Miranda grew up in Haiti, in a large house on a hill outside Port-au-Prince. All she’ll tell me about her family is that her father works for a fruit company and doesn’t agree with her views.

“What about your mom?” I ask.

She opens her mouth like she’s going to say something awful, her tongue plastered against her bottom teeth, then shakes her head and pats me on the cheek. “You’d like my mother,” she says. “You have a lot in common.”

I hang out with Miranda in bars on Polk Street, watching her perform with drag queens. I meet a boy at her show, younger than me with a mohawk and a pretty face. He says he’s also a writer, a poet. On the side he does boy burlesque. I think he’s pretty, but if I were into men I would want someone stronger who could take care of me.

It’s Patti Smith night and the queens climb the stage in black wigs and torn jeans. They sing “Ain’t It Strange” and “Gloria,” snarling at the crowd and wondering whose sins Jesus died for. Miranda dances behind them in a short skirt, kicking her long brown legs high in the air while I watch from the crowd, holding her drink.

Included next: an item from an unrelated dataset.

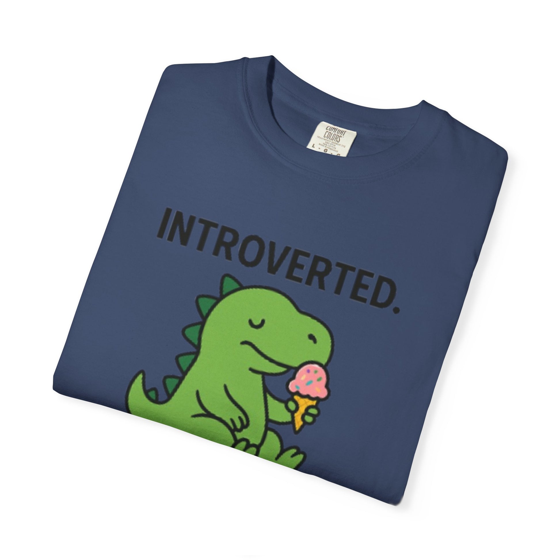 Introducing our delightful Unisex Garment-Dyed T-shirt, perfect for those who embrace their quirky side. This shirt boasts a charming dinosaur graphic that proudly states "INTROVERTED. WILL DISCUSS SNACKS," making it a fun conversation starter for introverts and snack lovers alike. Soft and comfy, this tee effortlessly fits into anyone's everyday wardrobe, whether you're attending a casual get-together or enjoying a cozy night in. Ideal for gifting during holidays like Christmas, birthdays, or even just to brighten someone's day, this shirt appeals to fans of humor and individuality. With its relaxed fit and classic crew neckline, it's suitable for all ages and pairs beautifully with jeans, skirts, or comfy lounge wear. Celebrate your unique personality with this standout piece!

Miranda’s room is bright yellow with album covers stuck to the wall. Lene Lovich, Kate Bush, The Slits. She lectures me on music. I tell her she’s a snob. We sleep on a small mattress. She insists I sleep naked and I insist she keep her clothes on. She wraps around my back, her arm over my chest.

Her windows face the morning sun and the illegals stand on the corner just below the ledge waiting for someone with a van and a job to stop and put them to work. They stand there every day, in baseball caps, sweatshirts. Waiting. Miranda says they aren’t Mexicans; most of them are from Guatemala and El Salvador. I’ve been showing up at her place more and more often. I call from Valencia Street at the end of the day, just when I think she’s going to sleep.

Hans’ trial won’t start for two more months. I was in court when they scheduled the hearing. It was my second time at the sturdy building in downtown Oakland. Hans wore yellow prison fatigues and stood in the prisoner’s pen, holding two boxes of papers. I noticed his poor posture and thinning hair. He seemed naive, carrying the giant boxes and not understanding that the trial was actually months away.

“Tell me something nice,” I said to Miranda the night after the hearing. I was acting like a child and she wanted desperately to be an adult. “Tell me I’m pretty.”

“You are,” she whispered. “You’re so pretty.”

Our relationship is absurd, infantilizing. I’m eleven years older than her. She’s a vegan. She wears heels and keeps her sex toys on top of a beat-up dresser. She wants to dress me in women’s clothes and I tell her I don’t mind but I don’t really think we’ll get there. The sad thing is how our relationship mirrors all my other romances. Fragmented. Thin. Except that I’m getting worse. In my twenties I would have been too proud to beg a woman to hold me. I didn’t know enough to cry. I wouldn’t dream of pressing my nose against someone’s chest, saying, “I’m so sad. I don’t know what’s happening to me.” And I have less to give.